1 The parties, for example, could have further stipulated to dismissal under Federal Rule of Civil Procedure 41, which would have required the Bankruptcy Court to take no further action to dismiss the matter. See Fed. R. Civ. P. 41(a)(1)(A)(ii) (providing that an action may be dismissed without a court order when a stipulation of dismissal signed by all parties is filed); Fed. R. Bank.

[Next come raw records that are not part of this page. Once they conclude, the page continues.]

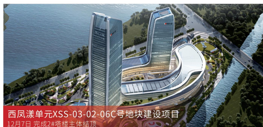
西凤漾单元XSS-03-02-06C号地块建设项目 12月7日 完成2#塔楼主体结构

服务模式 工程监理 项目规模 总建筑面积约18.6万平方米, 总投资约13.7亿元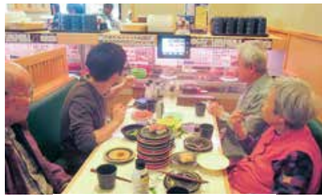
お寿司屋さんで旺盛な食欲を見せる利用者さんら

普段は食欲の少ない方も自ら手を伸ばし食べていました。お店の匂いや接客係の声などが、視覚、嗅覚、聴覚、触覚に良い刺激になったのではないかと感じました。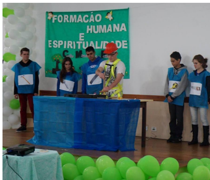
Paróquia Senhor Bom Jesus de São José dos Pinhais.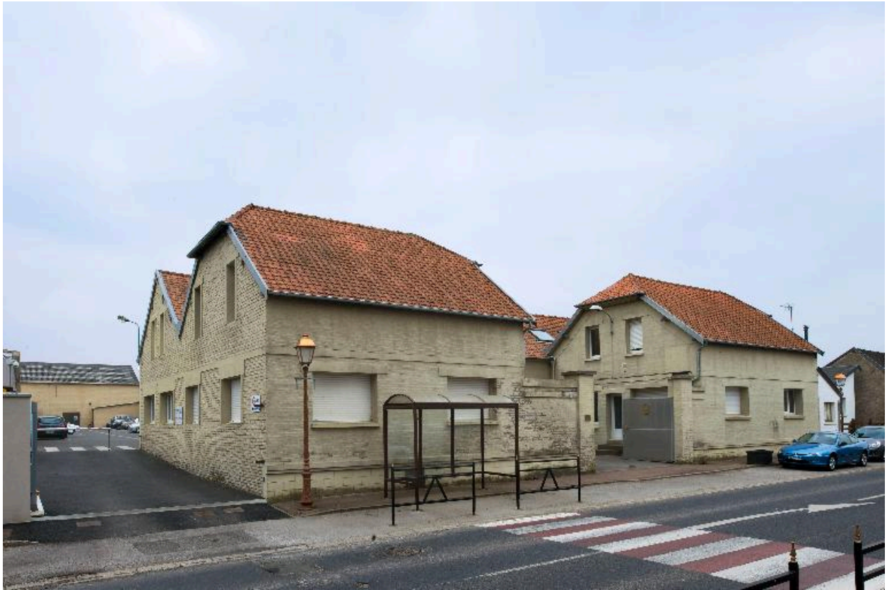
Entrée principale, 45 rue Jean-Jaurès.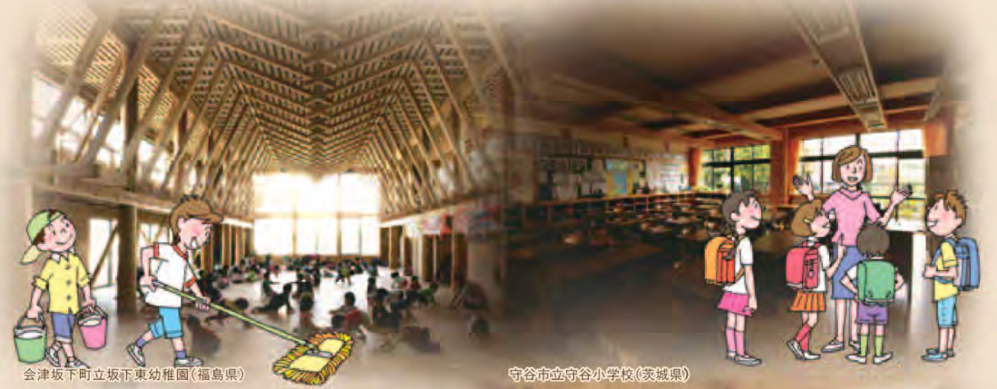
会津坂下町立坂下東幼稚園(福島県)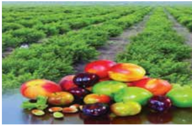
شکل ۱۴-۶- محصولات باغداری کشت و صنعت مغان

امروزه استان اردبیل با شرایط خاص جغرافیایی، تنوع محیطی، شرایط آب و هوایی، جاذبه‌های توریستی، قابلیت کشاورزی و باغداری از توان بالایی در مسیر توسعه فضایی یکپارچه برخوردار است. از طرفی همجواری با کشور جمهوری آذربایجان و ایجاد بازارچه مرزی و گمرک، ارتباط کشورمان ایران را با منطقه قفقاز و اروپا تسهیل کرده و جایگاه استان را در سطح فنی و بین‌المللی بهبود بخشیده است. با وجود قابلیت‌ها و مزیت‌های یاد شده، استان ما مسائل و مشکلاتی به شرح زیر دارد: - مرزی بودن استان و داشتن فاصله زیاد از مناطق مرکزی و توسعه یافته‌تر کشور - کوهستانی بودن استان و به تبع آن ضعف پیوند فیزیکی، اقتصادی و اجتماعی - طولانی بودن دوره سرما و یخبندان - عدم تجهیز فرودگاه‌های اردبیل و پارس آباد - نبود شبکه راه آهن

P. 7041 (providing that Federal Rule of Civil Procedure 41 applies in adversary proceedings).

5 contains “language converting the dismissal to a final order at the end of [a specified] period”). On the other hand, “if only a ‘ministerial’ task remains for the court to perform”—such as calculating damages when that task is mechanical and uncontroversial—“then immediate appeal is allowed.” Skretvedt v. E.I.